Getting Started With FPGA

100M Ethernet Example Design for Neso Artix 7 FPGA Module

12738 views April 2, 2018 admin 11

Introduction:

Ethernet is a Link Layer Protocol in the TCP/IP protocol stack between the physical and data link layer. It is the most widely used protocol for Local Area Networks (LANs). Every device on Ethernet is assigned a unique MAC address for communication. The Reduced Media-Independent Interface (RMII) is used to interface Ethernet IP core on FPGA with the Ethernet PHY chip. The Media Access Layer converts the packets into stream of data to be sent while the Physical Layer converts the stream of data into electrical signals. RMII provides a media-independent interface so that there is compatibility between MAC and PHY irrespective of the hardware used. In this tutorial, the Numato Lab 100BASE-T Ethernet Expansion Module is used along with Neso Artix 7 FPGA Module to demonstrate a TCP/IP echo server application. The echo server application runs on light-weight IP (lwIP) TCP/IP stack.

Prerequisites:

Let’s get Started

Step 1:

Download and install Vivado Board Support Package files for Neso from here. Follow the README.md file on how to install Vivado Board Support Package files for Numato Lab boards.

Step 2:

Open Vivado and select ‘Create Project’

Step 3:

Click ‘Next’. In Project Name tab, give appropriate project name and select the directory where you want to save the project.

Step 4:

Click Next without making any changes till you see the ‘Default Part’ tab and select ‘Neso’ from ‘Boards’ option. If Neso is not listed, make sure board support files are installed correctly.

Step 5:

Click ‘Create Block Design’ from IP Integrator and create a block diagram.

Step 6:

Click ‘Add IP’ in the “Diagram” window

Step 7:

Add clocking wizard IP and in the ‘Output Clocks’, set clk_out1 frequency to 200 MHz and set clk_out2 to 100 Mhz. Select reset type as ‘active low’.

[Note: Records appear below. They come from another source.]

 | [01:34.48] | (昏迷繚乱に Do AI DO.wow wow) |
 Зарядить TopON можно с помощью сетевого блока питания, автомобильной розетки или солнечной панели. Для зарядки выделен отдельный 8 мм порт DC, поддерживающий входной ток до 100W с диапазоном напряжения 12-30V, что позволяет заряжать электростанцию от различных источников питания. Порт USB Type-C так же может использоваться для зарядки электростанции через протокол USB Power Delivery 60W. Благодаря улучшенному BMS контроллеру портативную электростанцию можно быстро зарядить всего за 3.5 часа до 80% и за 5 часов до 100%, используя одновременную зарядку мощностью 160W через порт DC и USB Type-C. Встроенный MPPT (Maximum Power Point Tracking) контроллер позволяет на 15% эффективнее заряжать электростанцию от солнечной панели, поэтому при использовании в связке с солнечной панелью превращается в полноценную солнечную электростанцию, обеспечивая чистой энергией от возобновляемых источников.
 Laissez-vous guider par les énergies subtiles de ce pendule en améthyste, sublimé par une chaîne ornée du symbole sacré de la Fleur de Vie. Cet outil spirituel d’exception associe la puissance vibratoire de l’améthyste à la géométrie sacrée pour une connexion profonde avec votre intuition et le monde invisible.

Now add the following IPs:

  1. AXI Ethernetlite
  2. AXI UARTlite
  3. MicroBlaze
  4. AXI Interrupt Controller
  5. AXI Timer

From the “Board” tab of the Block Design window, drag and drop “DDR3 SDRAM” into the block design.

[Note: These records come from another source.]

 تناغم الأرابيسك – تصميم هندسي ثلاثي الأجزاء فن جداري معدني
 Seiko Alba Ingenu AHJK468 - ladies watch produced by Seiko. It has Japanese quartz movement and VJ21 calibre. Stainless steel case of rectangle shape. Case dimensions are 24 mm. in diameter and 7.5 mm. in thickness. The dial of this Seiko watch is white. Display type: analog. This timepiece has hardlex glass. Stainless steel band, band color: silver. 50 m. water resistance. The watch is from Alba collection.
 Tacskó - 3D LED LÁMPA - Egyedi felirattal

Click on ‘Run Block Automation’ and make the following changes in the MicroBlaze description window as shown

Now, click ‘Run Connection Automation’ and confirm that the final block diagram looks like this:

Step 8:

Right-click on the block design file as shown the the image below and select ‘Generate Output Products’. Similarly, select ‘Create HDL wrapper’

Step 9:

Right-click “Constraints” from the “Sources” window and select ‘Add sources’.

Step 10:

Click Next and then click ‘Create File’. Give a file name for the constraints file and click “Finish”.

Step 11:

Copy the following constraints to the newly created constraints file:

set_property -dict { PACKAGE_PIN “G16” IOSTANDARD LVCMOS33 } [get_ports {mii_rtl_rx_er}]
set_property -dict { PACKAGE_PIN “D14” IOSTANDARD LVCMOS33 } [get_ports {mii_rtl_rst_n}]
set_property -dict { PACKAGE_PIN “C14” IOSTANDARD LVCMOS33 } [get_ports {mii_rtl_col}]
set_property -dict { PACKAGE_PIN “E15” IOSTANDARD LVCMOS33 } [get_ports {mdio_rtl_mdc}]
set_property -dict { PACKAGE_PIN “C16” IOSTANDARD LVCMOS33 } [get_ports {mii_rtl_crs}]
set_property -dict { PACKAGE_PIN “C17” IOSTANDARD LVCMOS33 } [get_ports {mdio_rtl_mdio_io}]
set_property -dict { PACKAGE_PIN “H16” IOSTANDARD LVCMOS33 } [get_ports {mii_rtl_tx_clk}]
set_property -dict { PACKAGE_PIN “F15” IOSTANDARD LVCMOS33 } [get_ports {mii_rtl_rx_clk}]
set_property -dict { PACKAGE_PIN “H14” IOSTANDARD LVCMOS33 } [get_ports {mii_rtl_rx_dv}]
set_property -dict { PACKAGE_PIN “G14” IOSTANDARD LVCMOS33 } [get_ports {mii_rtl_tx_en}]
set_property -dict { PACKAGE_PIN “E16” IOSTANDARD LVCMOS33 } [get_ports {mii_rtl_rxd[3]}]
set_property -dict { PACKAGE_PIN “E17” IOSTANDARD LVCMOS33 } [get_ports {mii_rtl_rxd[2]}]
set_property -dict { PACKAGE_PIN “D17” IOSTANDARD LVCMOS33 } [get_ports {mii_rtl_rxd[1]}]
set_property -dict { PACKAGE_PIN “F16” IOSTANDARD LVCMOS33 } [get_ports {mii_rtl_rxd[0]}]
set_property -dict { PACKAGE_PIN “G17” IOSTANDARD LVCMOS33 } [get_ports {mii_rtl_txd[3]}]
set_property -dict { PACKAGE_PIN “H17” IOSTANDARD LVCMOS33 } [get_ports {mii_rtl_txd[2]}]
set_property -dict { PACKAGE_PIN “H15” IOSTANDARD LVCMOS33 } [get_ports {mii_rtl_txd[1]}]
set_property -dict { PACKAGE_PIN “J14” IOSTANDARD LVCMOS33 } [get_ports {mii_rtl_txd[0]}]

Step 12:

In Project Manager Tab, click ‘Run Synthesis’. If Synthesis is successful, click ‘Run Implementation’ and finally on successful implementation, select ‘Generate Bitstream’.

Step 13:

Go to File -> Export -> Export Hardware. Check ‘Include Bitstream’ and click OK.

Step 14:

Go to File -> Launch SDK. Select workspace as ‘Local to project’ and click ‘OK’ to open Xilinx SDK.

Step 15:

In SDK, Go to File -> New -> Application Project. Type in a project name, click Next and select “LwIp Echo Server” template from the list of available templates.

Step 16:

In project explorer tab, go to Xilinx -> Board Support Package Settings. Choose “lwip” in supported libraries . Select lwip library, change the “dhcp options” to “false” and “phy_link_speed” in temac_adapter_options to “CONFIG_LINKSPEED100” as shown below.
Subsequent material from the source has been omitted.